INFORMATION SHOWN:
|---|

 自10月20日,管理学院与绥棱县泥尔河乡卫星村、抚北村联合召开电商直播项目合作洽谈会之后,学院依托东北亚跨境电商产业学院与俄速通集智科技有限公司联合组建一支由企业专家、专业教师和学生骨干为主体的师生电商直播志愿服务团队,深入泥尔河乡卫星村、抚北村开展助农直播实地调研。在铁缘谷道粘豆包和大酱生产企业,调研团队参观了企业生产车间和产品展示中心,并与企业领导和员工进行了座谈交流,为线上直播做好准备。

|---|

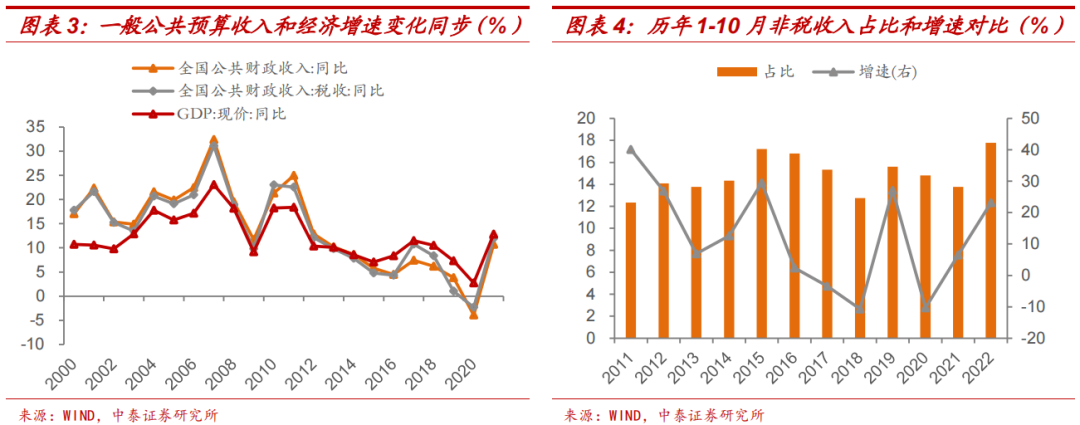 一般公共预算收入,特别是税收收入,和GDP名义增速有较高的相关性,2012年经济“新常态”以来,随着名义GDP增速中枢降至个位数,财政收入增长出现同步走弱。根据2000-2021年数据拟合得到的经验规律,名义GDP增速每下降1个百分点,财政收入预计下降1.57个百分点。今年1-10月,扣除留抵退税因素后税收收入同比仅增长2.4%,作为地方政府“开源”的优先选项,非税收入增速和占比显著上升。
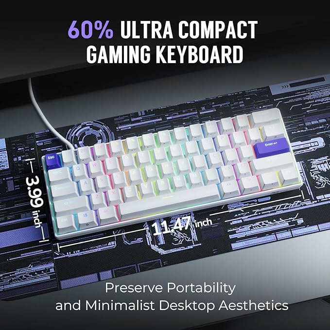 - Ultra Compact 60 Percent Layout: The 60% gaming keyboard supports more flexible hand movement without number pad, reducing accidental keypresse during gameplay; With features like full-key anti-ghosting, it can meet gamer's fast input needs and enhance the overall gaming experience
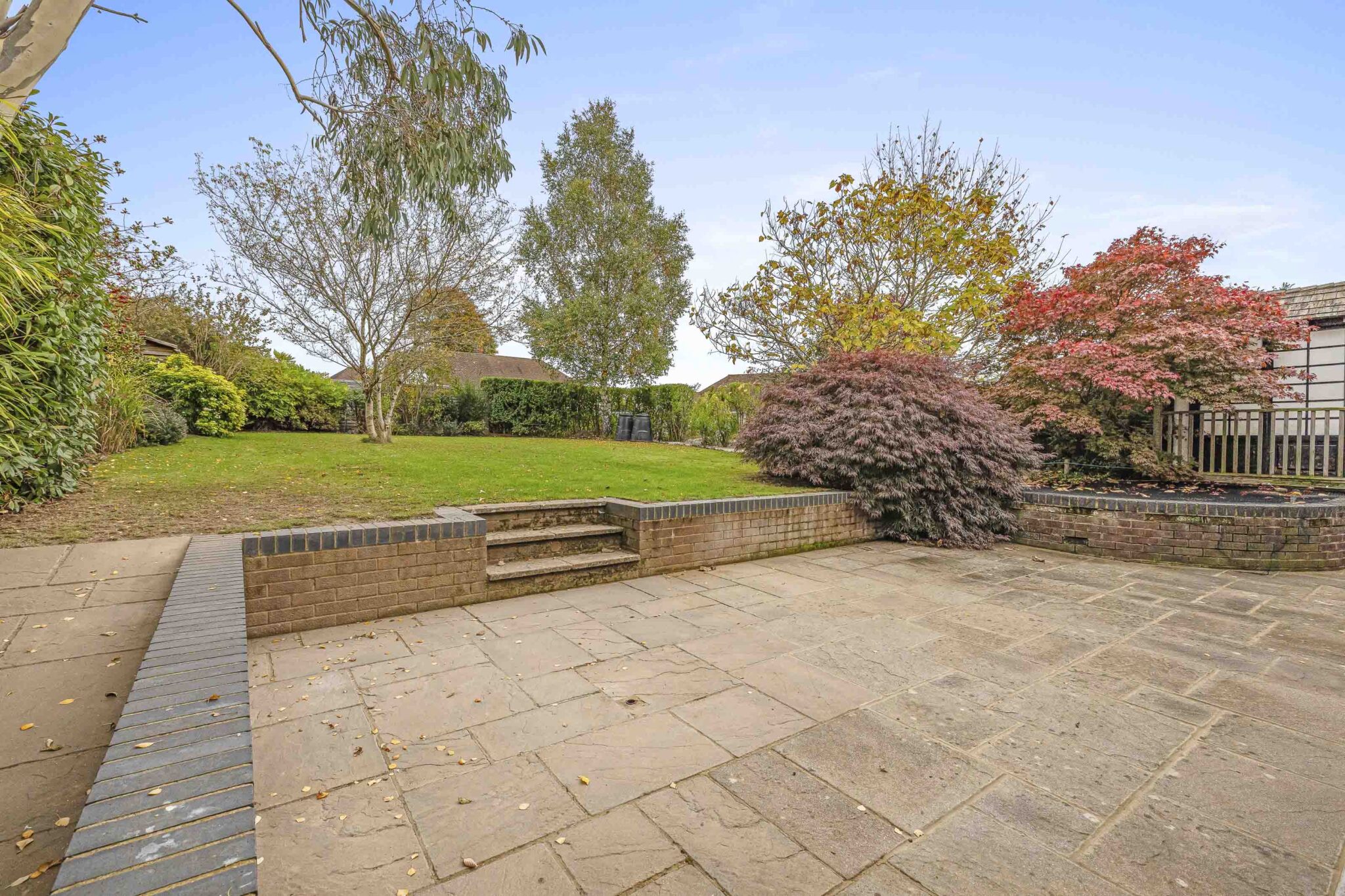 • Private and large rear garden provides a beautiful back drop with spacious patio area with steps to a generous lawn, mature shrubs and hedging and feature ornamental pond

|---|

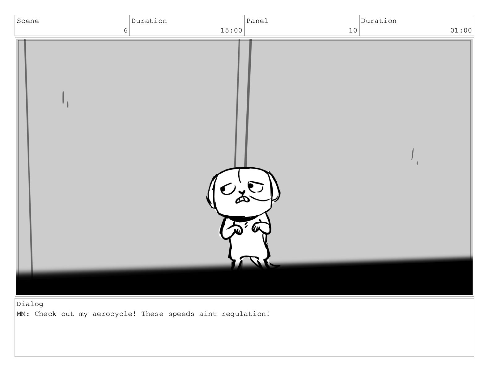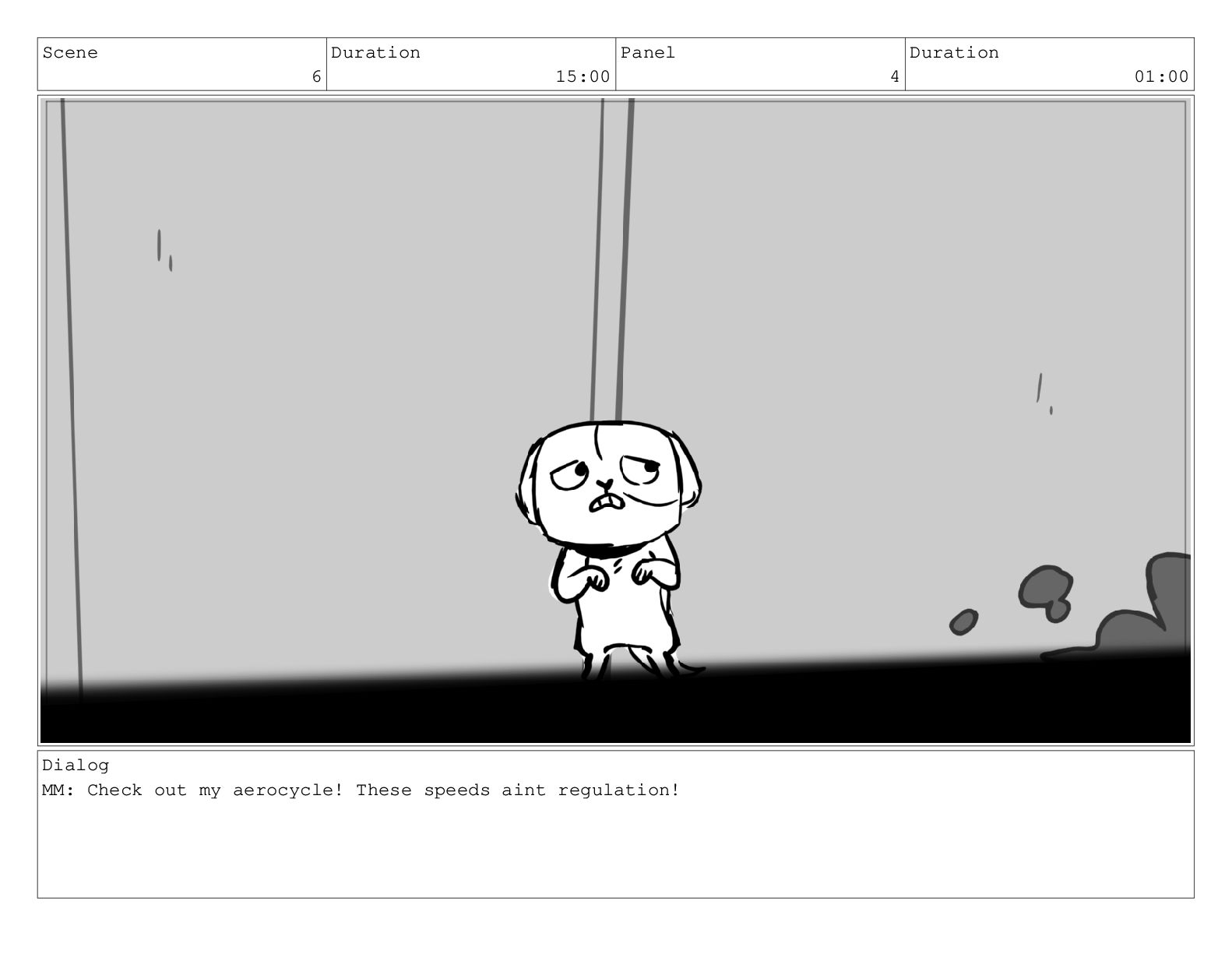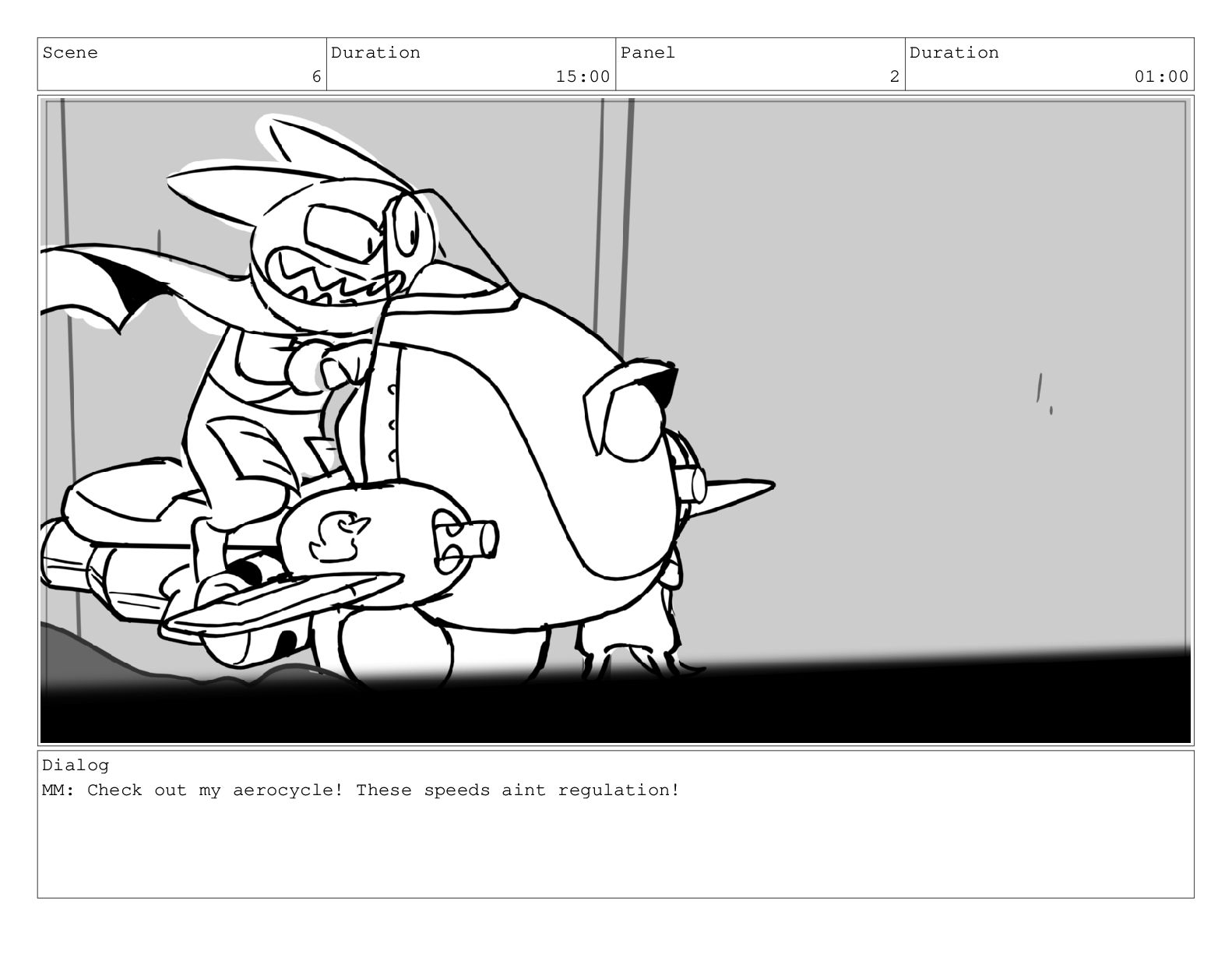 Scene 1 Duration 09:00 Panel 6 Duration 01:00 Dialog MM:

|---|

WHAT THE EXERCISE ASKS: In the entries above, find the line containing "一般公共预算收入,特别是税收" and the line containing "feature ornamental pond", then copy both and every line between them exactly, without any picture.

COMPLETED EXERCISE:
 一般公共预算收入,特别是税收收入,和GDP名义增速有较高的相关性,2012年经济“新常态”以来,随着名义GDP增速中枢降至个位数,财政收入增长出现同步走弱。根据2000-2021年数据拟合得到的经验规律,名义GDP增速每下降1个百分点,财政收入预计下降1.57个百分点。今年1-10月,扣除留抵退税因素后税收收入同比仅增长2.4%,作为地方政府“开源”的优先选项,非税收入增速和占比显著上升。
 - Ultra Compact 60 Percent Layout: The 60% gaming keyboard supports more flexible hand movement without number pad, reducing accidental keypresse during gameplay; With features like full-key anti-ghosting, it can meet gamer's fast input needs and enhance the overall gaming experience
 • Private and large rear garden provides a beautiful back drop with spacious patio area with steps to a generous lawn, mature shrubs and hedging and feature ornamental pond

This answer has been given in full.